Das Geheimnis der zweiten Phase:
Die Autoren erklären, dass die „Sprinter" (die schnellen Protonen) nicht einfach so verschwinden. Sie rennen dem langsameren LKW hinterher. Irgendwann holen sie ihn ein und werden von der Schockwelle des LKWs wie auf einer Rutsche beschleunigt.

  • Der erste Peak: Die Sprinter, die sofort losrennen.
  • Der zweite Peak (LPGRE): Die Sprinter, die den LKW einholen, von seiner Schockwelle gepackt werden und dann mit enormer Kraft zurück zur Sonne geschleudert werden. Dort erzeugen sie dann die zweite Welle an Gammastrahlung.

3. Der Beweis: Warum es der „Nachbrenner" ist

Warum sind die Autoren so sicher, dass es sich um LPGRE handelt und nicht um etwas Neues?

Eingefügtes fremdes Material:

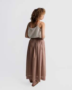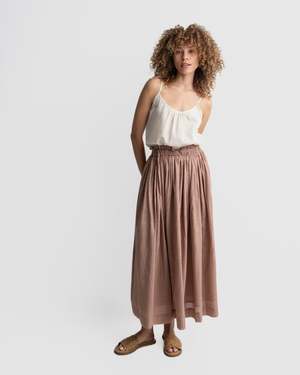 Discover our refreshing garnet pink, designed using fine handwoven cotton. The elasticated waistband ensures a comfortable fit, while the gathers around the waist add a flattering touch. Its flowy hemline elegantly falls at the mid-calf line, making it a versatile piece for summer. Style it with basic t-shirts or strappy tops for a laid-back yet stylish ensemble. Style with Pearl white cotton top - Smocked elasticated waistline. - Voluminous flare. - 36" long - 100% handwoven cotton. - Sustainably made
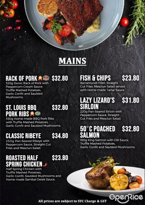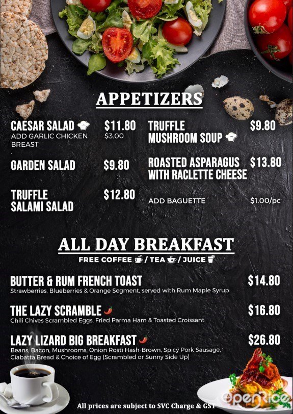 Lazy Lizard (新加坡) 網上訂座即賺Rice Dollars 網址: https://s.openrice.com/eKbSB01dyO100 地址: Flora Vista, 7 Ang Mo Kio Street 66 #01-09 & #01-12., Ang Mo Kio, Singapore 電話: +65 6363 9789
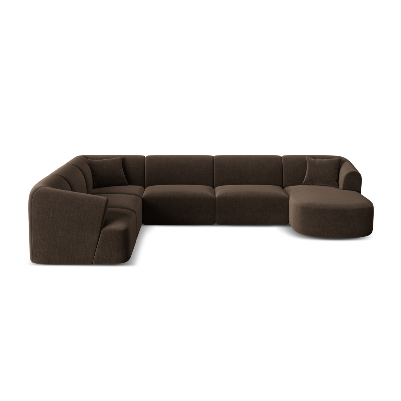 Panoramische linkszijdige fluwelen hoekbank voor 7 personen CAMPI in chocoladebruin
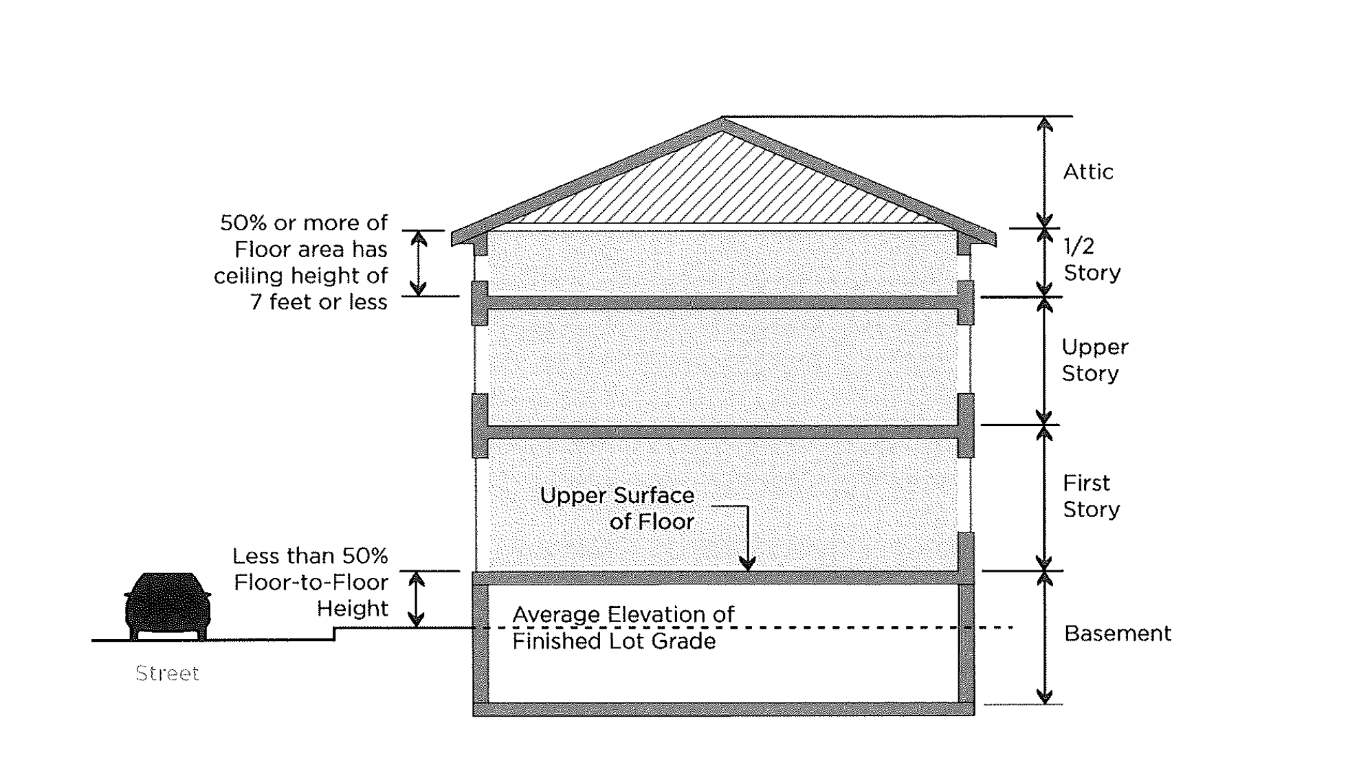A story is each level of a building included between the surface of any floor and the surface of the floor next above it, or if there is no floor above, then the space between the floor and the ceiling next above it. A half-story is the uppermost story or partial story of a structure where 50% or more of the floor area has a ceiling height of seven feet or less.

  • Der Zeitplan: Der zweite Peak kam etwa 17 Sekunden nach dem ersten. Das ist genau die Zeit, die ein Proton braucht, um den CME einzuholen und beschleunigt zu werden. Es ist wie ein Pkw, der kurz hinter einem LKW startet, ihn einholt und dann an ihm vorbeizieht.
  • Die Mischung der Teilchen: Bei normalen, schnellen Flares (wie einem kurzen Blitz) sind Elektronen und Protonen fast gleichmäßig gemischt. Aber bei diesem zweiten Peak (und bei anderen LPGRE-Ereignissen) gab es viel mehr Protonen als Elektronen.
    • Vergleich: Stellen Sie sich vor, bei einem normalen Feuerwerk sind rote und blaue Funken zu 50/50 gemischt. Bei diesem zweiten Peak sind es 99 rote und nur 1 blauer Funke. Diese „Protonen-Überschuss"-Mischung ist typisch für Schockwellen (wie beim LKW), nicht für die ursprüngliche Explosion.

4. Das Fazit

Die Botschaft des Papiers ist einfach:
Der zweite, schwächere Anstieg der Gammastrahlung beim Ereignis von 2012 war kein Zufall und keine neue Entdeckung. Es war der klassische Startschuss für die „Nachbrenner-Phase" (LPGRE).

Die Sonne hat hier gezeigt, wie sie Teilchen nicht nur durch eine direkte Explosion beschleunigt, sondern auch wie ein riesiger Magnet-LKW, der eine Schockwelle erzeugt, die Teilchen einfängt und sie auf eine zweite, lange Reise schickt. Das hilft uns zu verstehen, wie die Sonne uns mit energiereichen Strahlen versorgt, die auch für Astronauten und Satelliten relevant sind.